On 01/17/2014 11:43 PM, Itamar Heim wrote:
On 01/10/2014 08:44 PM, José Luis Sanz Boixader wrote:
> I have an oVirt testing setup with 3 hosts running for a few weeks:
> CentOS 6.4, oVirt 3.3.1, VDSM 4.13.0, iSCSI based storage domain.
>
> I have just realized that sanlock has no leases on VM disks, so nothing
> prevents vdsm/libvirt from starting a VM on two different hosts,
> corrupting disk data. I know that something has to go wrong on oVirt
> engine to do it, but I've manually forced some errors ("Setting Host
> state to Non-Operational", "VM xxxx is not responding") for a
"Highly
> available" VM and oVirt engine started that VM on another host. oVirt
> engine was not aware, but the VM was running on two hosts.
>
> I think this is a job for libvirt/sanlock/wdmd, but libvirt is not
> receiving "lease" tags for disks when creating domains. I think it
> should.
> What's left in my config? What am I doing wrong?
>
> Thanks
> _______________________________________________
> Users mailing list
> Users(a)ovirt.org
>
http://lists.ovirt.org/mailman/listinfo/users
>
we started introducing sanlock carefully, first to SPM nodes. in 3.4
to hosted ovirt-engine node, and looking to add it to VMs/disks as
well going forward.
I don't remember if we have a config option to enable this, but you
can make this work via a custom hook at this point at vm/disk level,
and we would love feedback on this.
Thanks,
Itamar
Looking into vdsm code, I've found that there's already code for sanlock
on VM disks, but it has been disabled by default
[
https://bugzilla.redhat.com/show_bug.cgi?format=multiple&id=838802].

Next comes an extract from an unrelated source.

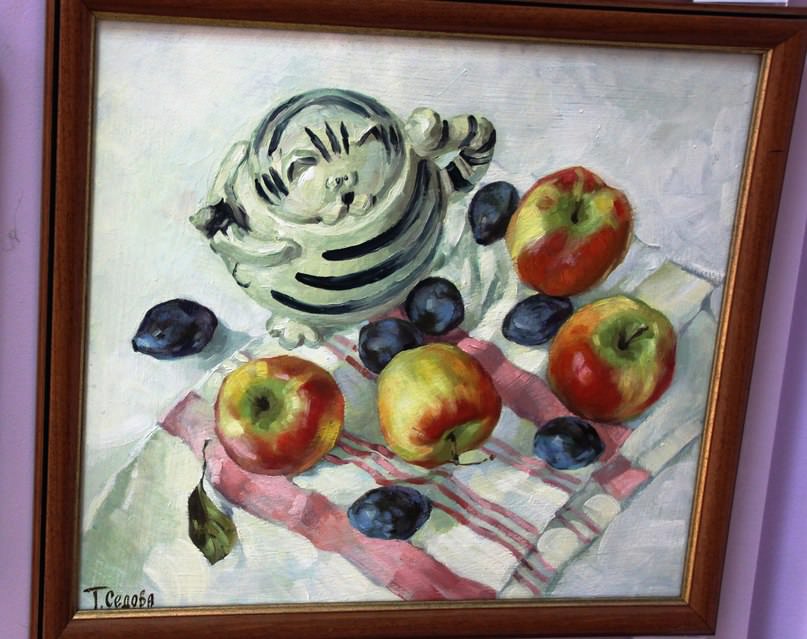 Из подаренных студентами прошлых лет «АРТ-САЛОНУ» творческих работ был скомплектован первый пробный блок из 10 работ. Подарки поместили в материальный отдел, юридический отдел, отдел бухгалтерского учёта, планово- экономический отдел, диспетчерскую службу, расчётный отдел, общий отдел, управление делами, службу главного инженера. Картины выполнены в жанре натюрморт. Использованы техники акварель и гуашь. Если эта идея понравится сотрудникам, проект общими усилиями можно будет продолжить.

I guess it was disabled because you can't hot attach/dettach disks to VM
while running. But I prefer to enable it, as data protection is critical
in a SAN environment.
To enable it, you need to include this in /etc/vdsm/vdsm.conf at every
host in your setup.
...
[irs]
use_volume_leases = true
...
and after that, you'll need to restart vdsmd. Ensure that
/etc/libvirt/qemu.conf says lock_manager="sanlock".
VMs that were already running will not be modified, and thus not
protected. Restart them to get sanlock leases on those disks.
To confirm that it is properly running, connect to a host and type:
# sanlock client status
and you'll get some output like this, listing VMs running on that host
and its disk leases:
daemon dc7e06a0-18bb-4f68-9ea6-883dda883ef2.server
p -1 helper
p -1 listener
p 10629 Vicent
p -1 status
s
e9a91ad7-2bd3-4c98-a171-88324bc87a09:2:/dev/e9a91ad7-2bd3-4c98-a171-88324bc87a09/ids:0
r
e9a91ad7-2bd3-4c98-a171-88324bc87a09:1c7005ad-3d33-4c8f-9c99-2eef7be865f3:/dev/e9a91ad7-2bd3-4c98-a171-88324bc87a09/leases:123731968:6
p 10629
r
e9a91ad7-2bd3-4c98-a171-88324bc87a09:978b3630-f491-45a3-9826-e9ab6a744e72:/dev/e9a91ad7-2bd3-4c98-a171-88324bc87a09/leases:127926272:6
p 10629
Which tells that domain "Vicent" with proc id 10629 has two disks with
leases.
No other host will be able to run that VM, even in a engine error event,
because it could not get leases to use those disks.
Migration of VM also works, and the destination host gets and acquires
the disk leases.
All this has been tested with oVirt 3.3.1 release.